Nesse processo, ganham evidência as matrizes teóricas que se encontram nos modelos
pedagógicos que circulavam entre os intelectuais brasileiros que, de um lado, estavam ajudando a
construir uma pedagogia brasileira mais afinada com as questões do seu tempo – realista e científica e, de
outro, os que se defendiam a continuidade de um modelo clássico – humanista e literário.
Teixeira de Macedo e Rui Barbosa fizeram parte dessa parcela da intelectualidade que no dizer de
Roque Spencer Maciel de Barros (1959) constituiria a ‘ ilustração brasileira’. Homens que, sobretudo a
partir da década de 70 e 80 do século XIX assumiram posições em prol da educação nacional e se
propunham ‘ilustrar’ o país, ‘iluminá-lo’ pela ciência e pela cultura. É necessário compreender o espírito
dessa época para entender por que um alto funcionário do governo se interessou por traduzir obras
4447
educacionais do alemão ou porque um ilustre bacharel e deputado empregou dois anos de sua vida e sua
vasta cultura em vasculhar tudo que havia sido produzido até aquele momento sobre educação na Europa e
nos Estados Unidos que pudesse servir à nossa realidade.
Da obra de Teixeira de Macedo sabe-se que algumas partes foram publicadas em jornais oficiais e
pedagógicos, podendo assim chegar aos seus principais destinatários os professores brasileiros. Sua
produção torna-se importante como testemunho de um momento da educação. Nesse processo, faz
comparações com a realidade educacional brasileira, compara, argumenta e fornece um quadro do que
ocorria em termos de organização e princípios pedagógicos em outros países, principalmente França e
Alemanha. Sem ter sido professor, ao que tudo indica, seus textos evidenciam as principais questões que
necessitavam ser enfrentadas por docentes, estudantes, administradores e intelectuais em um tempo em
que muito estava por fazer, pensar, definir, em relação à escolarização. Questões cuja abrangência talvez
nem fossem percebidas, mas que eram discutidas paralelamente às questões mais práticas sobre o ensino e
sua organização. Questões permanentes que, em novas roupagens, muitas vezes alimentam os debates
intelectuais de nossa época.
Dentre essas questões, sobressaem: a distinção entre educar e instruir; entre “escolas do povo” e
instituições secundárias; ensino “prático” e ensino “científico”; a formação “científica” ou “prática”; a
defesa de um ensino “realista” ou do “ensino literário”.

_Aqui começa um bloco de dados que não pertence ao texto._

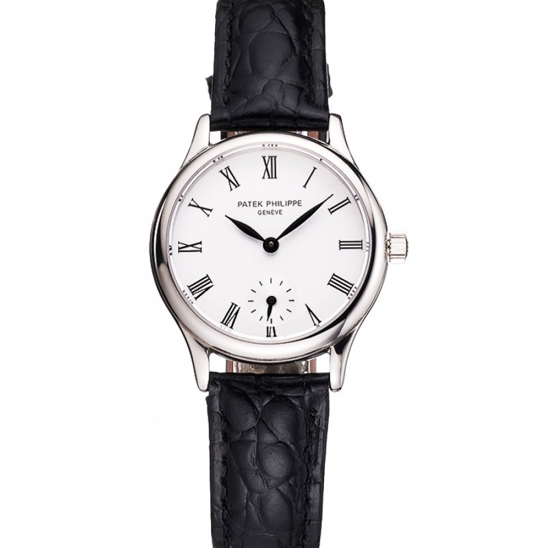 Patek Philippe Calatrava Cadran Blanc Cas romain en acier inoxydable Numerals bracelet en cuir noir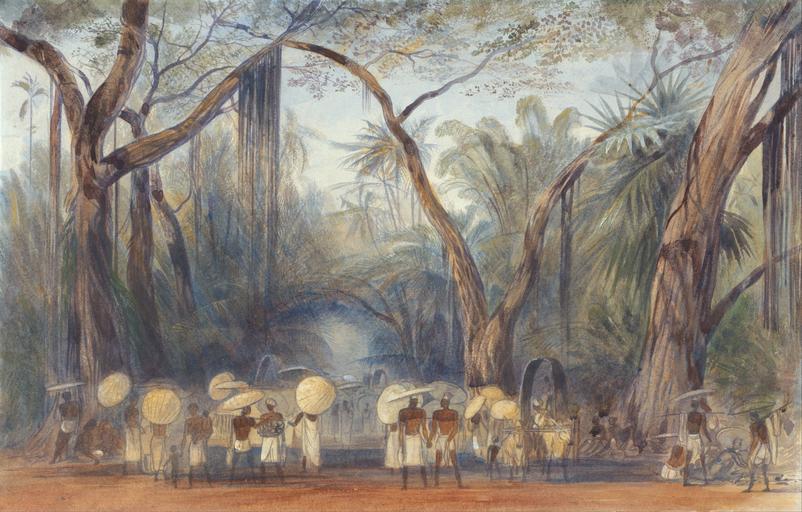 Keywords: Edward Lear - Coolies on the Road near Kalicut, Malabar - Google Art Project.jpg Not on View Watercolor with body color and gum arabic on wove paper on medium moderately textured cream wove paper vegetation trees figures representations landscape jungle special url_id YQHdRDsLa3dFYw PD-old-100-1923 1888 Google Art Project works in Yale Center for British Art Google Art Project works by Edward Lear Coolies in India 1820s paintings from India Landscape paintings of India Kerala in the 1820s Servants in art of India |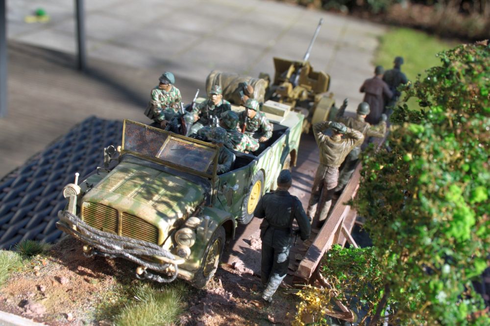 Verarbeitet habe ich den alten Horch von Tamiya mit Eduard-Ätzteilen und die Miniartfiguren aus dem Satz voher der Titel stammt.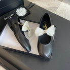 BALLET FLAT BLACK LAMBSKIN WITH WHITE BOW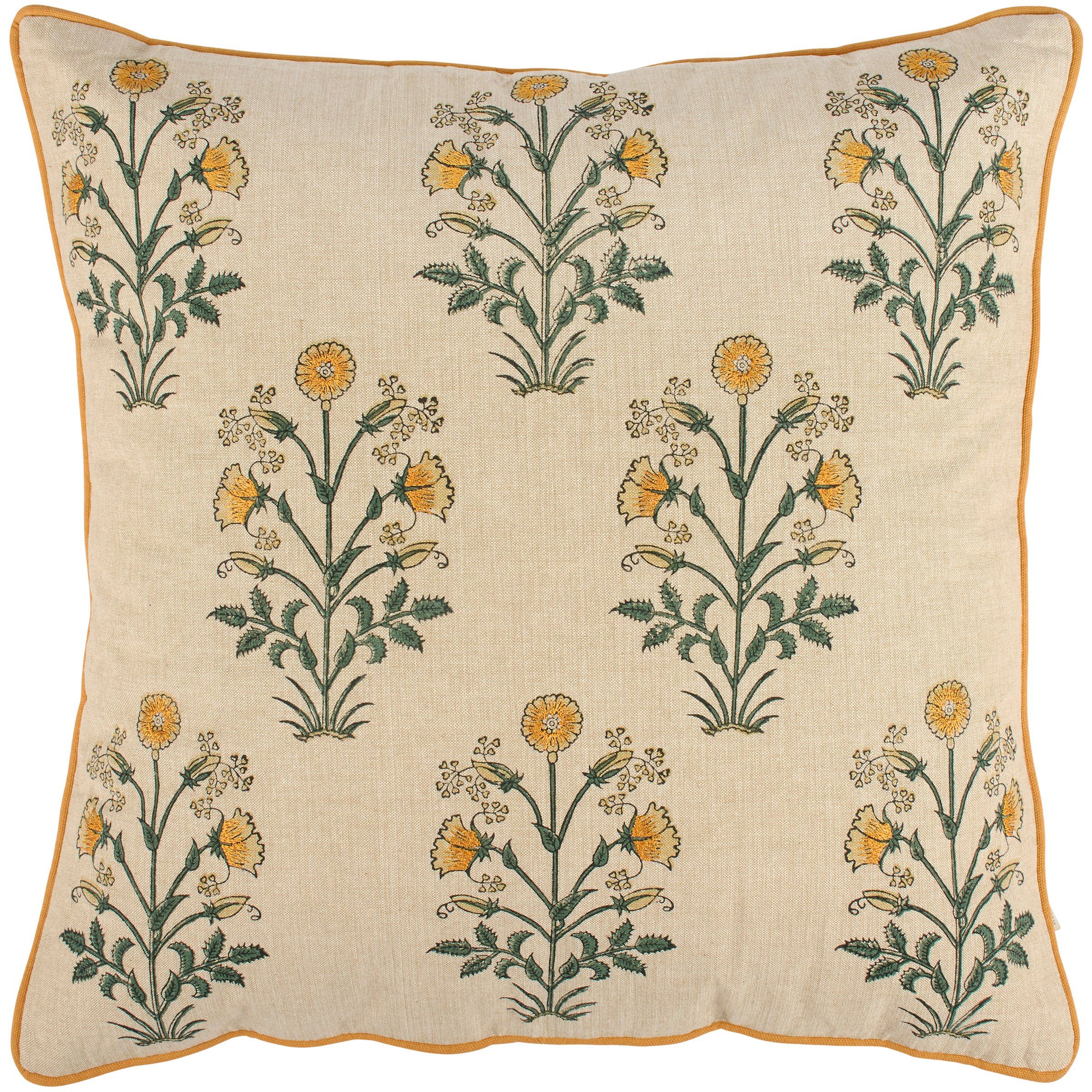 A decorative pillow from our Cottagecore Collection featuring a vintage pattern of marigolds with embroidered details for added texture. Our Marigolds pillow features a zipper to easily remove and clean machine-washable pillow cover. Cottage pillow contains polyester filling and is shipped vacuum-sealed for protection and storage. A rustic home accent perfect for adding cottage style to any room.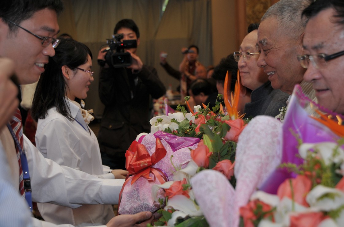 庆典上,医院还为历届老领导、离退休职工代表以及见证医院历史的最年长的退休老职工、百岁老人——傅梅生献花,献上全院职工真诚的祝福!同时,庆典现场还为20位获得“感动你我省中优秀员工”称号的员工颁发了荣誉证书和奖杯。
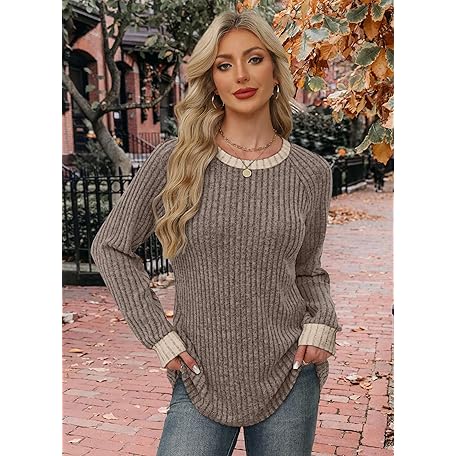 • WIHOLL Long Sleeve Shirts for Women Lightweight Sweaters Fall Outfits 2025 Color Block Winter Clothing Dressy Casual Soft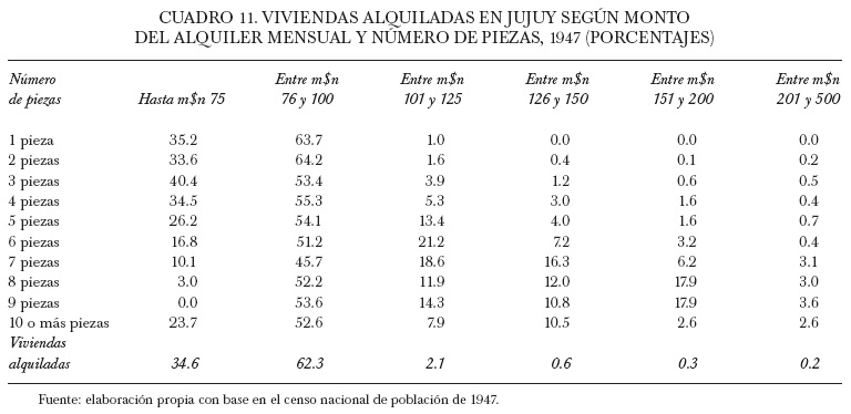 En definitiva, y reforzando el supuesto citado en el apartado anterior, en la ciudad capital es muy probable que no sólo los conventillos albergaran núcleos familiares, sino también varias casas particulares. Muchos de estos cuartos eran alquilados con el objetivo de contribuir con esta renta a distintos fines, tales como equilibrar el presupuesto familiar, ampliar, mejorar o terminar completamente la propia vivienda. Precisamente el cuadro 11 da cuenta de los múltiples casos en que las familias compartían la vivienda, más allá de que por lo común contara con pocas habitaciones.

Em outra esfera, Rui Barbosa, calcado em positivistas, cientificistas e pedagogos da época reuniu
argumentos em favor de um sistema nacional integrado de ensino, do jardim de infância ao superior,
posicionando-se contra a bifurcação do bacharelado literário ou científico, defendendo novas disciplinas
como o desenho, a ginástica e a introdução dos cursos técnicos na formação secundária.
Os Pareceres de Rui foram arquivados, não tendo uso imediato. Entretanto, suas idéias
fundamentaram as discussões do projeto republicano e, segundo seus estudiosos, permaneceram
fermentando o pensamento educacional no Brasil e em Portugal até que eclodissem novamente nas
propostas dos pioneiros da escola nova.
Sobretudo, o que interessou nessa pesquisa foi mapear algumas rotas das idéias pedagógicas que
circularam no Brasil a partir da segunda metade do século XIX e que constituíram a bases de uma
pedagogia nacional. Identificar, por exemplo: com quem dialogavam esses homens? De que autores se
apropriaram para elaborar suas sínteses? Foi possível, então, concluir que no seu papel de divulgadores de
modelos culturais cumpriram a tarefa de multiplicar informações, instigar novos estudos, lançar idéias
para serem confirmadas, ou não, pelas práticas em sua concretude desafiadora. Nessa trajetória foi
importante tentar não enxergá-los como meros transplantadores acríticos de idéias inoperantes, mas como
agentes políticos que participam ativamente da produção de saberes e práticas educacionais. Entendê-los
no seu “ambiente”, temporal e espacial, nos possibilitou flagrá-los como construtores de uma nova
mentalidade pedagógica que se instaurava no Brasil na transição para um novo século.